I am trying to run a SQL query in azure databricks. But this query is taking too long to execute. Could you please suggest what optimization I can do in this below query to make it more faster
SELECT
LOWER(get_json_object(element_at(params,'ans.client_payload'), '$.ACTIONBLOCK_ID')) AS content_id,
lower(element_at(params,'event.type')) as event_type,
count(distinct(userguid)) as num_usr,
count(*) as num_events
FROM my_table
where event_date >= '2023-04-03'
AND event_code = 'ABC_SERVICE'
AND lower(element_at(params,'event.subcategory')) = 'message'
AND lower(element_at(params,'event.type')) in ('render', 'click')
AND element_at(params,'consumer.name') in ('ABC', 'BCC')

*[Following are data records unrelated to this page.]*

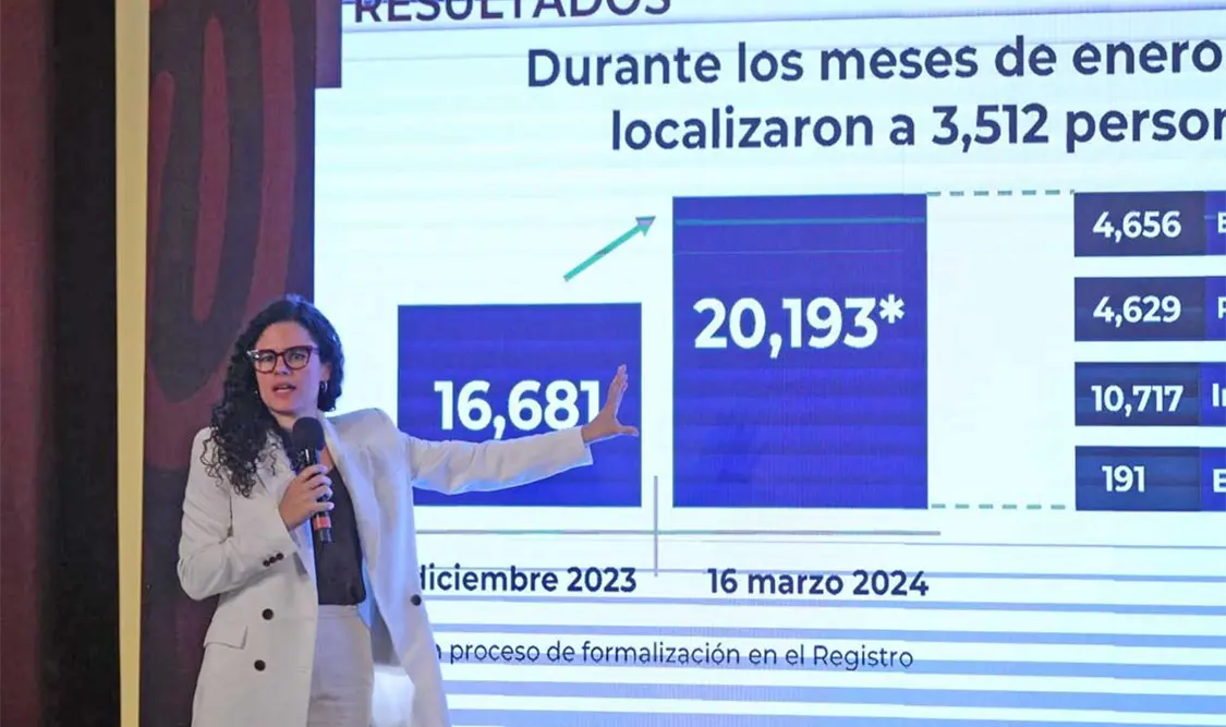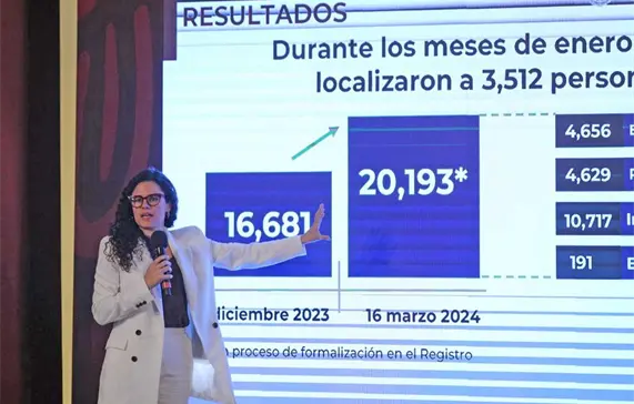 Abundó que en el reporte que se presentó el 14 de diciembre se informó la localización de 16 mil 681 personas y de enero a marzo de este año se localizó a tres mil 512 más.
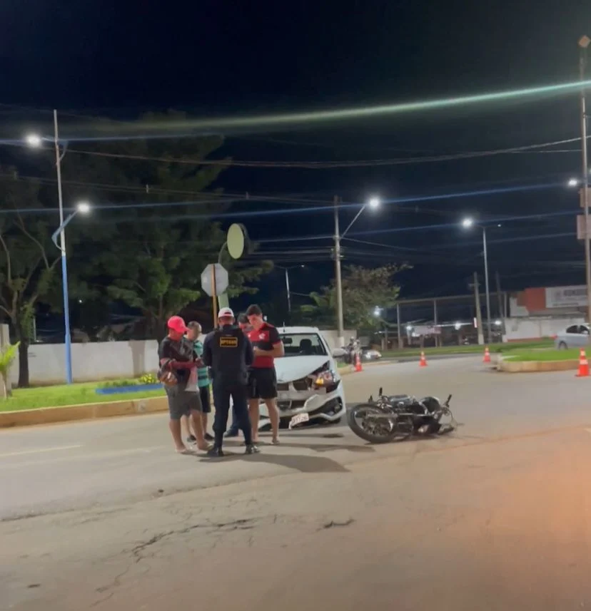 Um acidente envolvendo uma motocicleta e um carro foi registrado na noite desta quarta-feira (23), na rotatória da avenida Chico Mendes, em Rio Branco. Segundo informações preliminares, a colisão em um dos trechos mais movimentados da via.
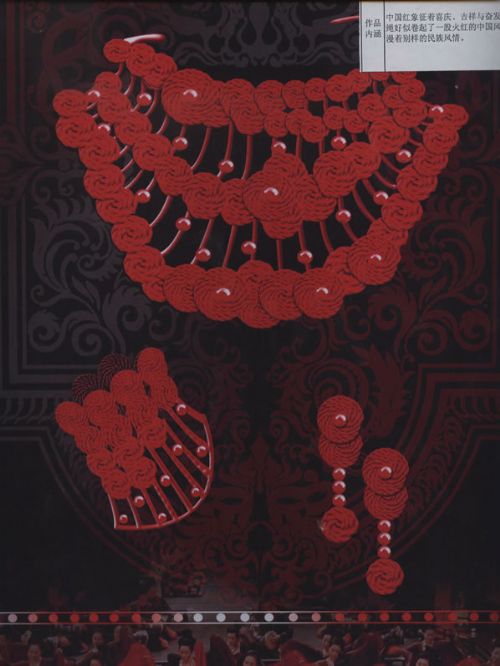 中国红象征着喜庆、吉祥与奋发。旋涡造型的红绳好似卷起了一股火红的中国风,也让空气中弥漫着别样的民族风情。
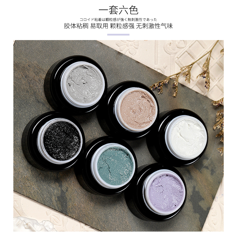 Gypsum glue 1# Mousse white plaster glue 2# Lavender plaster glue 3# Honey cheese plaster glue 4# Misty rain plaster glue 5# Cement grey plaster glue 6# Carbon black #1 Gypsum white

AND element_at(params,'source.name') = 'NNC'
and regexp_like(element_at(params,'exp.campaign_id'), '\b12345\b')
and userguid is not NULL
GROUP BY
LOWER(get_json_object(element_at(params,'ans.client_payload'), '$.ACTIONBLOCK_ID')),
lower(element_at(params,'event.type'))
I am trying to execute this query but this is taking too long to execute. looking for suggestions to optimize this query.
SELECT
content_id,
event_type,
count(distinct(userguid)) as num_usr,
count(*) as num_events
FROM (
SELECT
LOWER(get_json_object(element_at(params,'ans.client_payload'), '$.ACTIONBLOCK_ID')) AS content_id,
lower(element_at(params,'event.type')) as event_type,
userguid
FROM my_table
WHERE
event_date >= '2023-04-03'
AND event_code = 'ABC_SERVICE'
AND lower(element_at(params,'event.subcategory')) = 'message'
AND lower(element_at(params,'event.type')) in ('render', 'click')
AND element_at(params,'consumer.name') in ('ABC', 'BCC')
AND element_at(params,'source.name') = 'NNC'
and regexp_like(element_at(params,'exp.campaign_id'), '\b12345\b')
and userguid is not NULL
)
GROUP BY
content_id,
event_type
you may want to create an index on event_date
event_code
element_at(params,'event.subcategory')
element_at(params,'event.type')
element_at(params,'consumer.name')
element_at(params,'source.name')
element_at(params,'exp.campaign_id')
userguid
ps. be mindful of the size of the index(you don't want it to be too big)